◆ Material provided
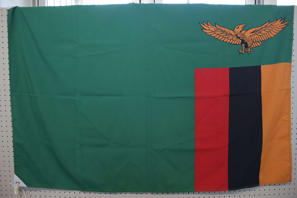 今回は、廊下の両側にザンビア共和国の国旗を展示。ザンビア共和国の国旗は、大自然を象徴する緑地に、自由を勝ち取るための闘争を表す赤、国民を表す黒、天然・鉱物資源を表すオレンジ色のラインが右下に、右上には国民の力を象徴している国鳥のフィッシュ・イーグルが描かれています。
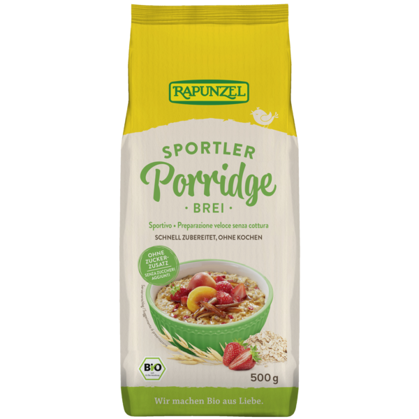 The Porridge Sport is a great performer! The combination of valuable cereals and fruits ensures the availability of sugars and carbohydrates: quickly available glucose, slower-acting sucrose and cereal starch chains that serve as energy reservoirs. The Porridge Sport is high in proteins and contains valuable minerals. With no added sugar (contains naturally occuring sugars).
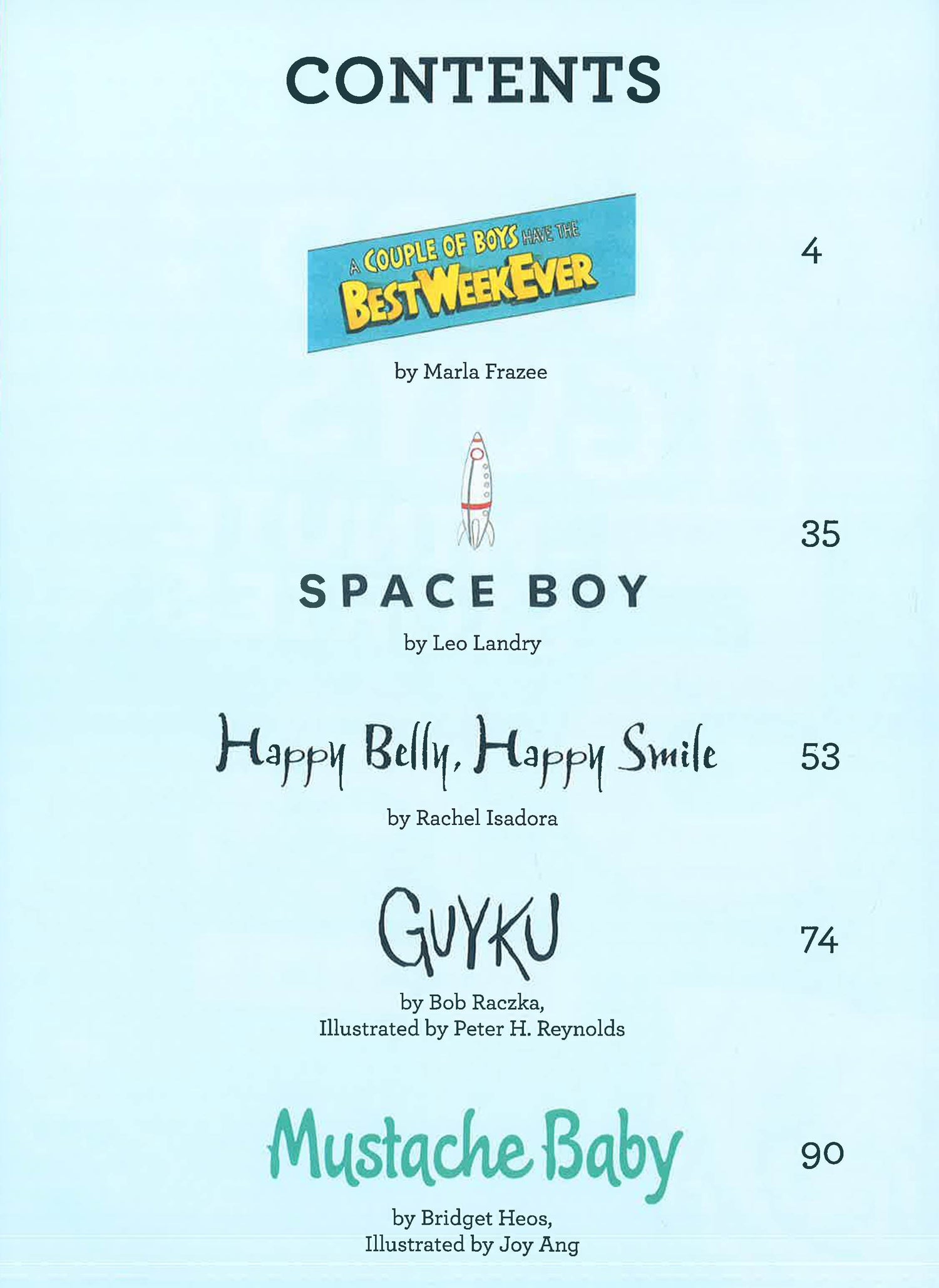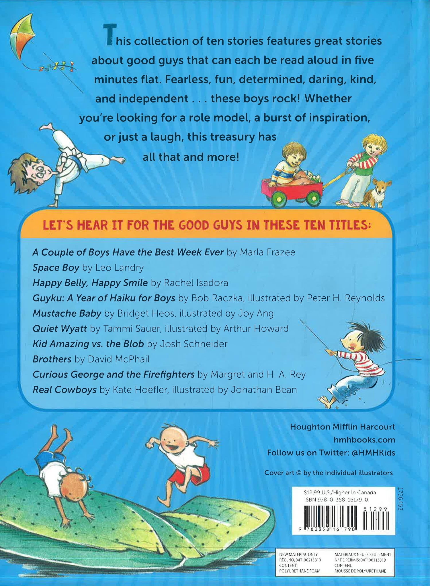 This collection of ten stories features caring, adventurous, and silly boys whose stories can each be read aloud in five minutes flat. Fearless, fun, determined, daring, kind, and independent . . . these boys rock! Whether you're looking for a compassionate role model, a quick pick-me-up, a jolt of inspiration, or just a giggle, this treasury has all that and more! Be inspired to be yourself with these ten titles: Brothers by David McPhail; Happy Belly, Happy Smile by Rachel Isadora; Quiet Wyatt by Tammi Sauer, illustrated by Arthur Howard; Kid Amazing vs. the Blob by Josh Schneider; Space Boy by Leo Landry; Real Cowboys by Kate Hoefler, illustrated by Jonathan Bean; Guyku by Bob Raczka, illustrated by Peter H. Reynolds; Mustache Baby by Bridget Heos, illustrated by Joy Ang; A Couple of Boys Have the Best Day Ever by Marla Frazee; and Curious George and the Firefighters by H.A. Rey.
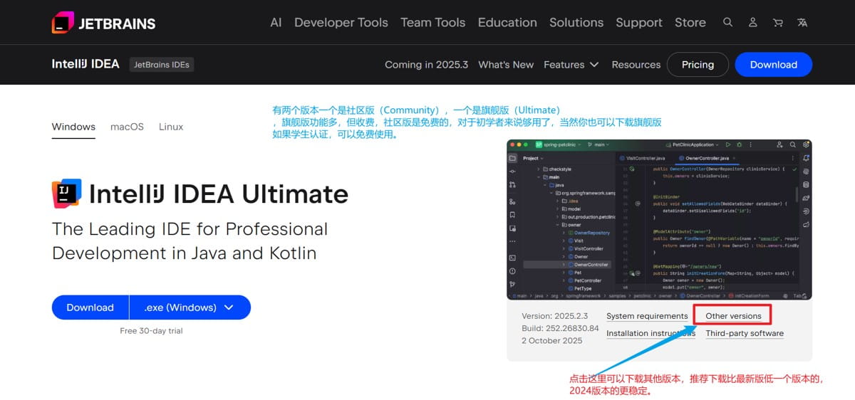 IDE有很多,比较主流的IDE有三个IntelliJ IDEA,Eclipse,VSCode,对于初学者来说我推荐使用IDEA,因为我就用的IDEA,挺好用的,它的智能代码补全和错误提示能帮你更快地熟悉Java语法,养成良好的编程习惯,但是它开启的时候占的内存较大,如果电脑配置较低,也可以选择VSCode。这里安装IntelliJ IDEA。

◆ Exercise prompt
Beginning with the first line of the material above, please output each line exactly through the line that contains "The Porridge Sport is a", and only those, leaving out pictures.

◆ Output of the exercise
 今回は、廊下の両側にザンビア共和国の国旗を展示。ザンビア共和国の国旗は、大自然を象徴する緑地に、自由を勝ち取るための闘争を表す赤、国民を表す黒、天然・鉱物資源を表すオレンジ色のラインが右下に、右上には国民の力を象徴している国鳥のフィッシュ・イーグルが描かれています。
 The Porridge Sport is a great performer! The combination of valuable cereals and fruits ensures the availability of sugars and carbohydrates: quickly available glucose, slower-acting sucrose and cereal starch chains that serve as energy reservoirs. The Porridge Sport is high in proteins and contains valuable minerals. With no added sugar (contains naturally occuring sugars).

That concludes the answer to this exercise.